Im Einklang mit den etablierten Parteien werden die ‚Linke‘ und Lafontaine seit geraumer Zeit angesichts wachsender politischer Bedeutung hysterisch mit Polemik, Falschzitaten und Unwahrheiten überschüttet. Das Ganze reicht vom bewährten Populismus-Vorwurf, der traditionell dazu dient, jegliche Kritik an den herrschenden Maximen des politischen Machtfeldes (wie z.B. des „militärischen Humanismus“ (Chomsky)) zu entwerten und reicht bis hin zu dem mehr oder weniger subtilen, ebenfalls beliebten Andeuten der rechtsradikalen Potentiale der ‚Lafontaisten‘. Die Heftigkeit jedenfalls, mit der die hegemonialen Medien die sektierenden „Linken bekämpfen und offenkundig das „offizielle“ politische Machtfeld verteidigen, ist geschichtlichen Ketzerbekämpfungen nicht unähnlich.

In einem aktuellen Kommentar vom „Süddeutsche“-Redakteur Christopher Schwennike kommt diese Legitimations- und Abwehrfunktion ganz offen und direkt zum Ausdruck, weshalb sich ein genauerer Blick darauf lohnt: Schon der Vergleich Kurt Becks mit der Heldengestalt Odysseus (der dem Gesang der „Sirene“ Lafontaine widerstehen muss) zeugt von den unbewussten, aufblickenden Anerkennungsneigungen des Herrn Schwennickes gegenüber etablierten politischen Größen.
In seinem – um es euphemisch auszudrücken – schlichten Kommentar gibt Herr Schwennike anschließend seinen Helden wie Kurt Beck und Co. sowie den dazugehörigen „seriösen“ Parteien Tipps, wie sie mit den ketzerischen Bestrebungen der zwar „demokratischen“ aber „unseriösen“ Linkspartei umzugehen haben.
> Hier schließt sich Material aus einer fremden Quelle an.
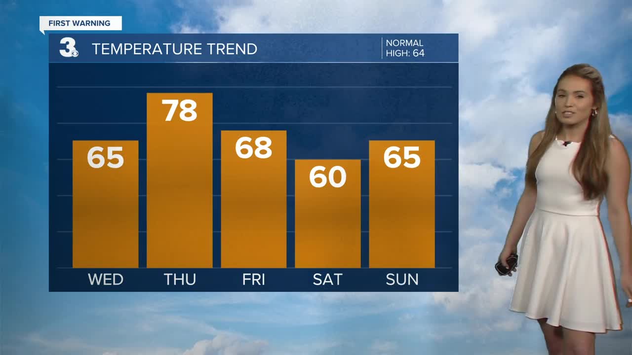Clearing skies and breezy conditions to end the work week. Temperatures will be about 10 degrees cooler with highs in the upper 60s.

Die bedeutungsarme Unterscheidung seriös/unseriös (auf deren Erläuterung der Autor freilich verzichtet) wird nämlich stolz als „Erkenntnis“ präsentiert, aus der die „Seriösen“ ihre Konsequenzen zu ziehen haben, die Schwennike im Fortgang seines Artikels präsentiert.
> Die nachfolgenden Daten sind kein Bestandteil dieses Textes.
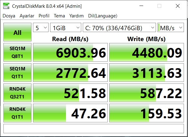 Laptola gelen SSD'nin hız değerleri böyle ama oyun okuması yaparken 550-600 MB ile yaptı ve teste göre bu düşük kalıyor gibi, bilen varsa yardımcı olabilir mi?
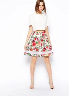 The color scale of such models, as a rule, does not imply multi-colored fabrics, monochromatic mini with high waist looks much more effective. Pastel colors will add tenderness and warmth, and a bright floral top, for example, can be a bright accent in the whole look. High-heeled shoes will be the final touch to a seductive look. Skirts with a high fit are recommended to be worn for low girls, since due to the displacement of the waist line up, the figure is visually stretched.
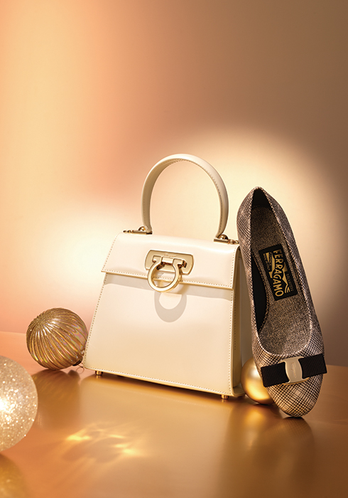 두꺼운 웨지 스타일의 힐로 글램하고 청키한 느낌을 주며 반짝임이 있는 골드 컬러로 마감 처리해 홀리데이 무드를 물씬 느끼게 해줄 소냐 샌들. 발목의 간치니 버클 스트랩으로 편안한 착용감을 선사한다. 1백49만원. 브랜드의 고전적인 아름다움과 장인 정신이 특징인 아이코닉 톱 핸들 백으로 고급스러운 카프 레더 소재, 변함없는 디자인과 컬러감이 럭셔리한 클래식함을 표현한다. 3백29만원. 모두 페라가모. 문의 02-3430-7854

Wenn man im Folgenden verwundert in Herrn Schwennikes „Lehre“ erfährt, wie man die Linken von ihren “ beinahe 15 Prozent in den Umfragen runterholen“ könne, dass die „seriösen Parteien“ dem ‚derb holzenden‘ Lafontaine mit einer „feinen Parade“ kontern müssen, dass die „seriösen Parteien“ wie das Verfassungsgericht die „Linken“ hinsichtlich ihrer Verfassungsklage gegen die Tornado-Einsätze „sezieren“ müssen, dann hat man den nicht ganz abwegigen Eindruck, dass sich Herr Schwennike (auch hier wohl eher unbewusst) nicht als distanzierter und neutraler Journalist begreift, sondern vielmehr als Anwalt bzw. Sekundant in der Ecke des um seine Deutungsmonopole kämpfenden politischen Machtfeldes steht.
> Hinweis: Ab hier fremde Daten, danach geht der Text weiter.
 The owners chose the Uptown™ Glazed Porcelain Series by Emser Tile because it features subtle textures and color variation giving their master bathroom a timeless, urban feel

Übrigens, wenn wir schon bei medialer Autoritäts- und Institutionenhörigkeit sind: Das „Sezieren“ der Linkspartei durch das Verfassungsgericht gründet sich bei Schwennicke, nimmt man seinen Text so wie er ist, schlicht auf der Tatsache, dass das Gericht gesagt hat, dass es nicht so ist; so einfach geht das: „Nein, die Nato hat sich nicht von ihrem Grundlagenvertrag verabschiedet und ist kein aggressives Kampfbündnis geworden. Nein, es hat keine schleichende Überstrapazierung des Nato-Beitrittsgesetzes von 1955 gegeben.“

Es gibt wenig Grund zur Hoffnung, dass die der „Aura des Offiziellen“ verfallenen hegemonialen Medien, wie in typischer Form von Schwennicke demonstriert, von dieser machtlegitimierenden Tendenz abrücken werden. Jedoch begründete Hoffnung, dass sich die „Linkspartei“ trotz dieser medialen Ketzerjagd (die Geschichte hat es immer wieder gezeigt) als politische Alternative im gegenwärtig fragwürdigen politischen Alltag etablieren kann. Gerade die heftigen Reaktionen vom „seriösen“ medialen und politischen Feld sind ein Indikator für diese Entwicklung. Schließlich bellen getroffene Hunde in der Regel auch heute noch.